Releases: niaid/primer-id-progs
A few things
Added a script count_haplotypes.pl
to take translated reads (output of convert_reads_to_amino_acid.pl), extract amino acids at particular positions and tally the motifs up across multiple files.
Added license information and third-party software references.
Fixed a bug in get_majority_block_bam (thanks to @jrkirk61 for reporting!)
Added logic to handle a situation where all residues at a position are ambiguous.
Added a new option to compute_cutoff script to allow the user to specify an acceptable minimum threshold primerID group size.
Confidence thresholds
This release sees some helpful additions:
- 95% confidence intervals for each of the variants and the cMAF (combined minor allele frequency), as well as the confidence threshold for each amplicon. The confidence threshold is the median value for the high end of the 95% confidence interval of the variants of an amplicon, which is basically the background level. If the low end of the 95% confidence interval for a variant is above this confidence threshold, we can be fairly certain that the variant is real. There are probably many real variants below that threshold as well, but this is a conservative filter to get a high-confident set of variants.
- Added feature to count up the bases before and after merging reads with PrimerID, so we can compute the overall background noise reduction
- Now combine_linkage_values.pl actually does merge files! The merge_replicates sub was just a shell before. It computes a combined p-value using Fishers method.
- Updated compare_variant_frequency script to work with the new output format for convert_reads script. Added additional columns to show whether the variant in a comparison pass the confidence threshold for the amplicon, and the log2 ratio of change in cMAF between the two samples being compared. I changed the filter for this script from just using adjusted p-value < 0.05 by adding filter for absolute log2Ratio_cMAF > 1, and requiring that at least one of the variants in the comparison is above the confidence threshold.
And a few bug fixes:
- Modified calculate_linkage script to compute the p-value outside of the Parallel loop. Much faster and no more Statistics::R errors for jobs with lots (e.g., 500+) comparisons.
- Modified merge_tally script to not print extremely low coverage variants (usually beyond the reference).
New convert_reads workflow for large files
This point release adds a new script merge_tally.pl
, which replaces the functionality of merge_tally_overlapping_regions.pl
, and also makes it possible to run convert_reads on very large files, containing millions of reads. The procedure basically entails splitting the fasta file into separate files (~5-10,000 reads per file is good), running convert_reads_to_amino_acid.pl
on each file, then merging the output with merge_tally.pl
. The nuc, codon, aa, and merged tally files are recreated. (See tutorial for examples of running.)

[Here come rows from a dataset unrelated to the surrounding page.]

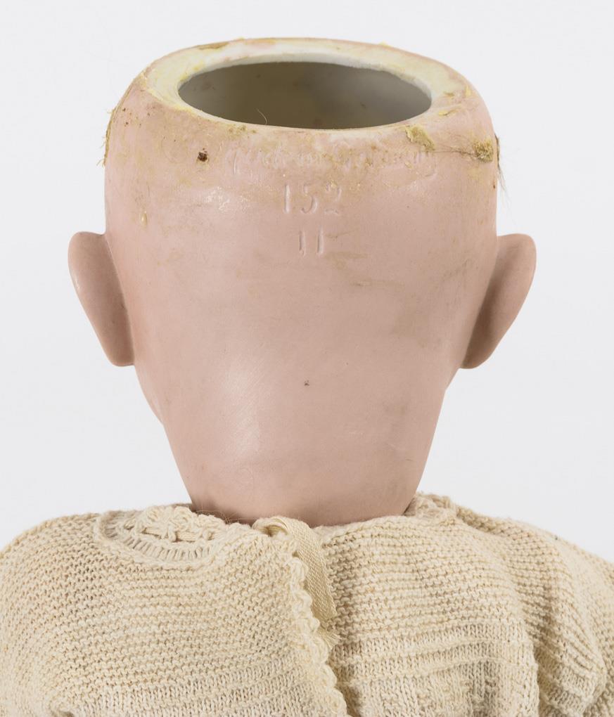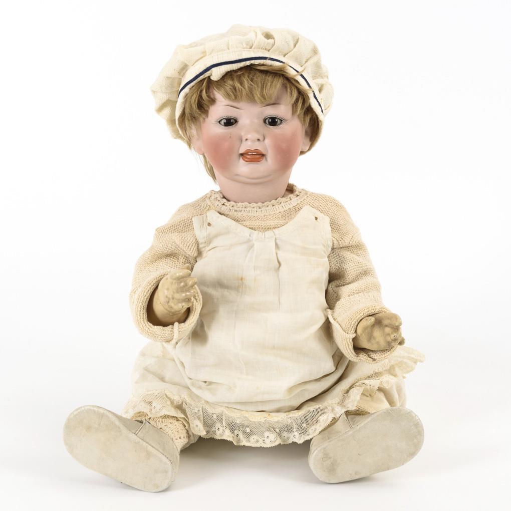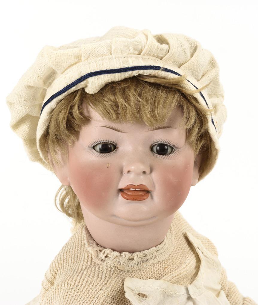 Kurbelkopf, braune Schlafaugen, offen/geschlossener Mund mit 2 gemalten Zähnchen, blonde Mohairperücke. 5-teiliger Sitzbabykörper. Weiße Babykleidung mit Barett im Matrosenstil. Kopf durchleuchtet: ohne Defekte.
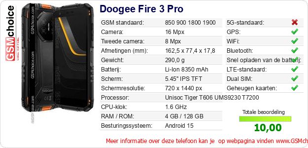 Gegevens van de telefoon Doogee Fire 3 Pro op jouw webpagina
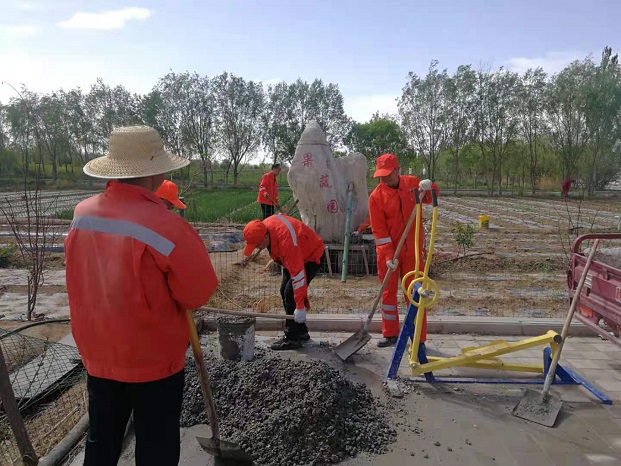 根據(jù)維修方案,提前準(zhǔn)備好相關(guān)工具和材料,施工現(xiàn)場,職工們分工協(xié)作、有條不紊,有的拉運材料、有的豎桿、有的運送,有的攪拌,個個爭先恐后,干勁十足。在大家的共同努力下,澆筑起了60厘米高的水泥混凝土底座,對存在較大安全隱患的景觀石進(jìn)行加固,進(jìn)一步保障了職工生產(chǎn)生活安全。
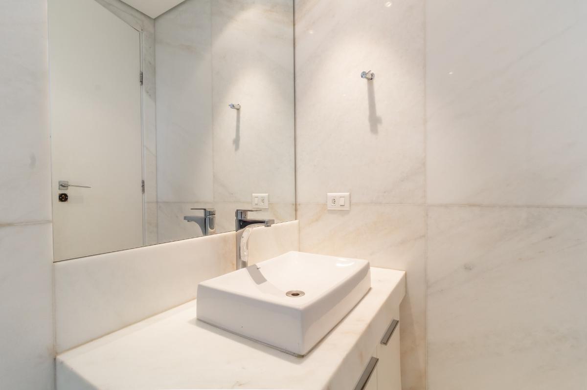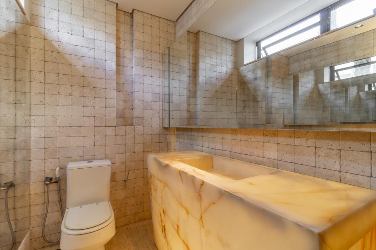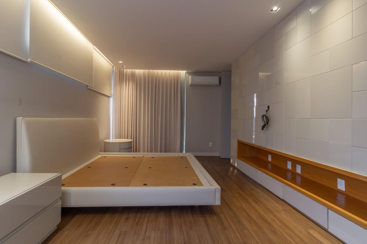No terceiro pavimento fica a parte íntima da casa com sala ampla, quatro suítes com closet e ar condicionado além da máster com varanda e espaço para jardim anexo, banheira de hidromassagem, pia com dois bojos, dois chuveiros, além de rouparia no corredor com uma pia embutida.
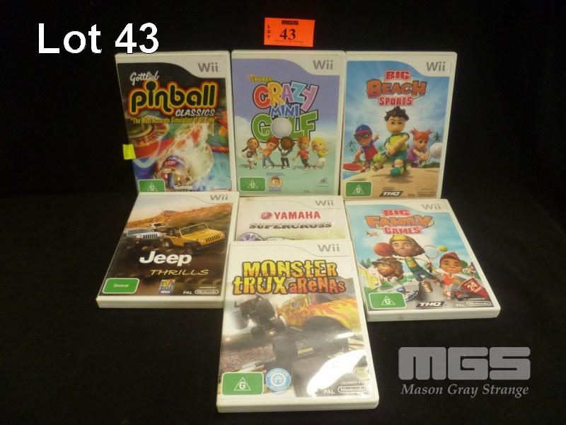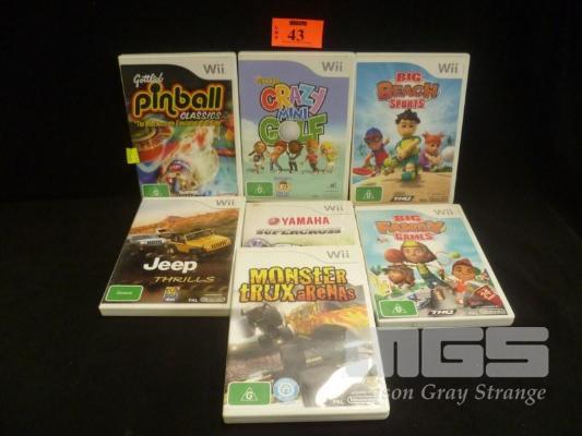 7 x ASSORTED Wii GAMES, PINBALL CLASSICS, BIG FAMILY GAMES, JEEP THRILLS, ETC
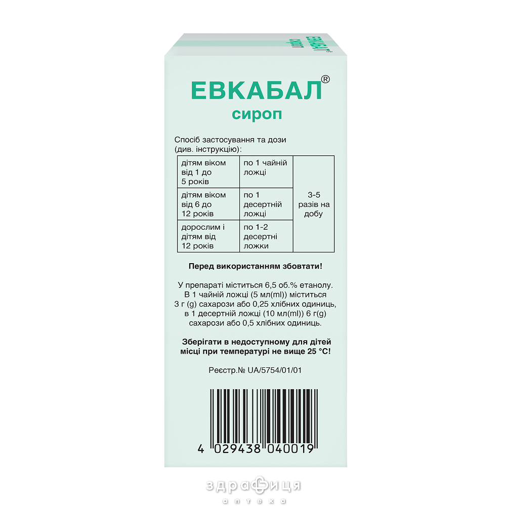 Евкабал® сироп містить глюкозу, фруктозу і сахарозу із загальним вмістом цукру у перерахуванні на сахарозу 0,6 г/мл. Таким чином, в 1 чайній ложці (5 мл) міститься
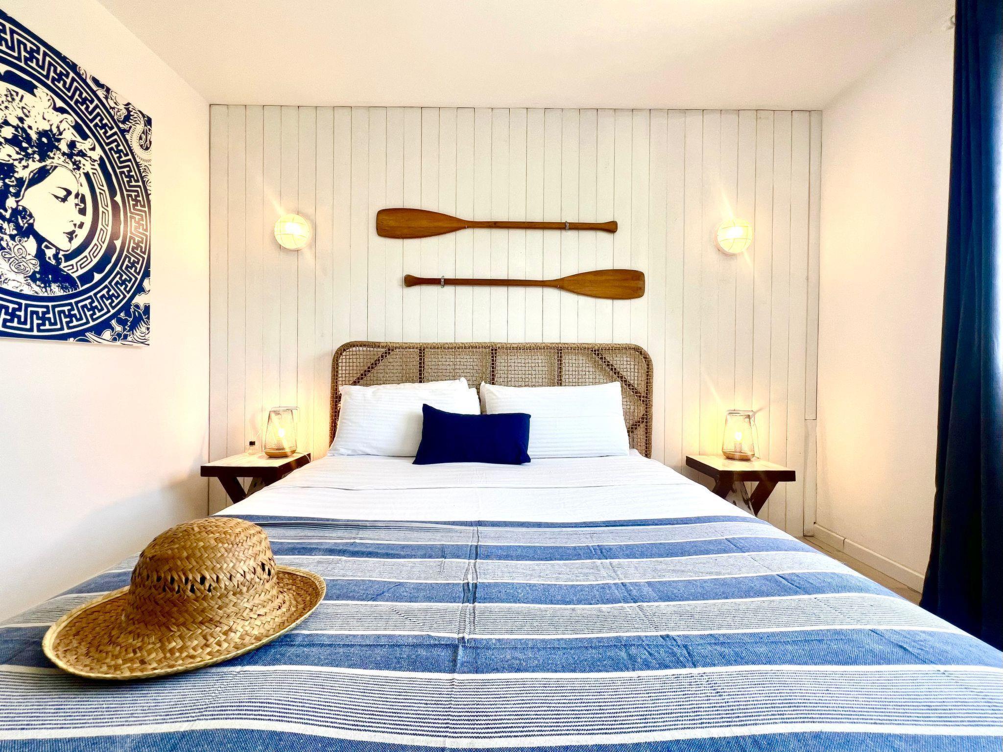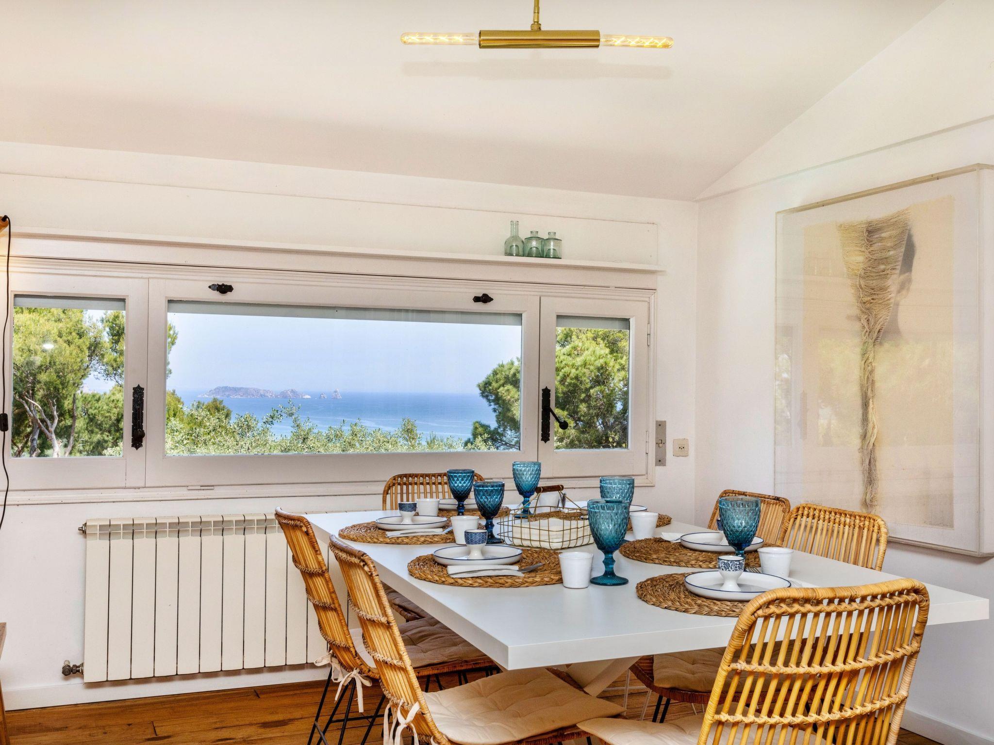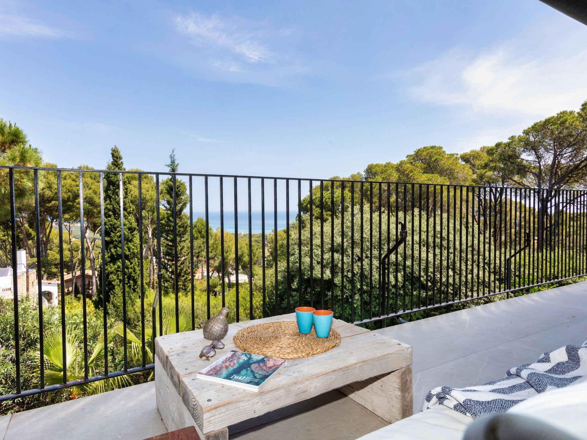 "Casa Blue Art", 6-room house 200 m2 on 2 levels. Comfortable furnishings: living/dining room with TV. Exit to the terrace. 1 room with 1 french bed (150 cm, length 190 cm), bath/WC and air conditioning. Kitchen (4 hot plates, oven, dishwasher, toaster, kettle, microwave, freezer, electric coffee machine). Shower/WC, bath/WC or shower/WC. No heating option. On the lower ground floor: living/dining room. Exit to the garden, to the swimming pool. 2 rooms, each room with 1 french bed (150 cm, length 190 cm). 2 rooms, each room with 2 beds (90 cm, length 190 cm). 1 room with 1 french bed (135 cm, length 190 cm). Kitchenette). Patio. Terrace furniture, deck chairs (3). Panoramic view of the sea, the countryside and the resort. Facilities: washing machine, iron, children's high chair, baby cot, hair dryer. Internet (WiFi, free). Parking at the house. Suitable for families. HUTG-029559 // Reg. Nr.: ESFCTU00001700700016321600000000000000000HUTG-0295599
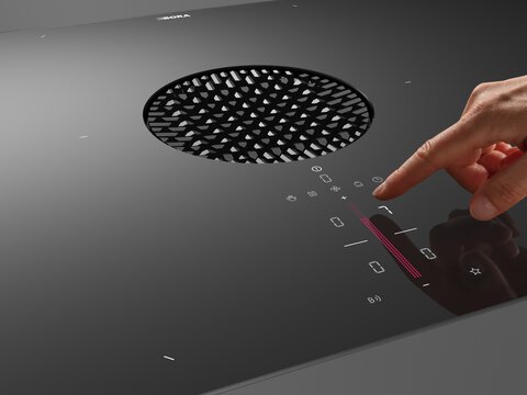2. De bediening. Het tot nu toe monochrome digitale touch display maakt met kleurwissels de bediening nog overzichtelijker. Centraal aan de voorzijde geplaatst, houdt de bedieningseenheid veel ruimte over voor royale kookzones. De nieuwe, driekleurige sControl+-besturing biedt meer duidelijkheid: wit voor functies, rood voor warmte-instellingen en blauw voor de afzuiging. Na de introductie in 2024 bij het brede BORA X Pure-model (voor 90 cm kasten) zijn nu ook S Pure (60 cm), M Pure en Pure (beide 80 cm) voorzien van deze intuïtieve logica.

As part of this, the code for the convert_reads script was refactored to put several subroutines into a module, primerid.pm
so that they were accessible to merge_tally.pl
.
Snapshot for sharing
Sharing this release with Chris Brooke's team at the University of Illinois.
This release has a few bug fixes:
- Fixed a bug in convert_reads where stop codons were not being printed.
- Fixed a bug in convert_reads where stop codons were not being considered unambiguous.
- Fixed a bug in calculate_linkage to see that the variant is above the threshold in at least one of the replicates.
And a few enhancements:
- Added columns to tally up unambiguous residues separately from ambiguous residues. This makes the script add_consensus_columns_to_frequency_tables.pl unnecessary.
- Added compute_cutoff.pl script to compute minimum primerID size cutoff.
- Added libexec folder for MAFFT 7.221 to make it portable.
- Added a brief tutorial along with test files.
First release
This is the first snapshot release of the software repository, last updated June 20, 2016. This includes updates to enable the scripts to work on the NIAID Locus cluster. It also includes updated dependencies in the repository (e.g., samtools 1.3), and additional dependencies were added to the repository, including clustalw2, bcftools, vcfutils, seqtk, and picard.jar.